# Just got back from the show :d



## waresbear (Jun 18, 2011)

Good job! Congrats!


----------



## RedTree (Jan 20, 2010)

and no pictures?!!??

lol sounds like it was good day  congrats


----------



## Marlea Warlea (Apr 27, 2010)

Mmm I got pictures, I'll upload them when I get dad to give me the camera 
Also, my little bro (age 7) rode marlea for the first time haha.
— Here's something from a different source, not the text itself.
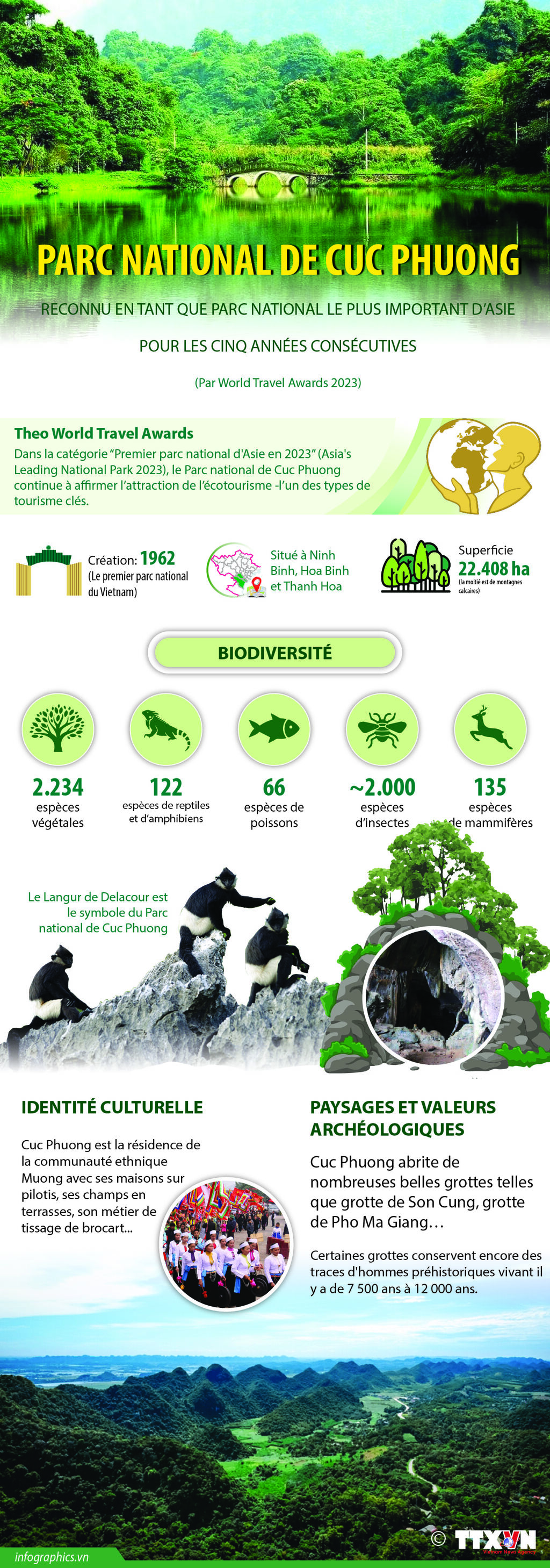 Les World Travel Awards 2023 ont récompensé le Parc national de Cuc Phuong comme le parc national le plus important d'Asie. Avec ce résultat, Cuc Phuong devient le plus important parc national d'Asie pendant cinq années consécutives de 2019 à 2023.

He rode her in a class with me leading him as he's never been on a horse in his life and he got 4th!


----------



## PintoTess (Aug 18, 2010)

Piccies!?


----------



## Marlea Warlea (Apr 27, 2010)

As i promised.... the picture of Hunter on Marlea


----------



## feistymomma (Apr 15, 2010)

Good job!!!!!!!


----------



## PintoTess (Aug 18, 2010)

Thats really cute


----------



## MHFoundation Quarters (Feb 23, 2011)

Congrats!


----------



## Marlea Warlea (Apr 27, 2010)

And Marlea was just so chill, I thought she was gonna be all like "OMG THERES A LITTLE KID ON ME! LITTLE KIDS HAVE CLAWS AND FANGS AHHHH SAVE ME CHLOE SAVE ME!!!!" But she was more like "Oh yay, little kid, now I don't have to do any work and I can just chillax."


----------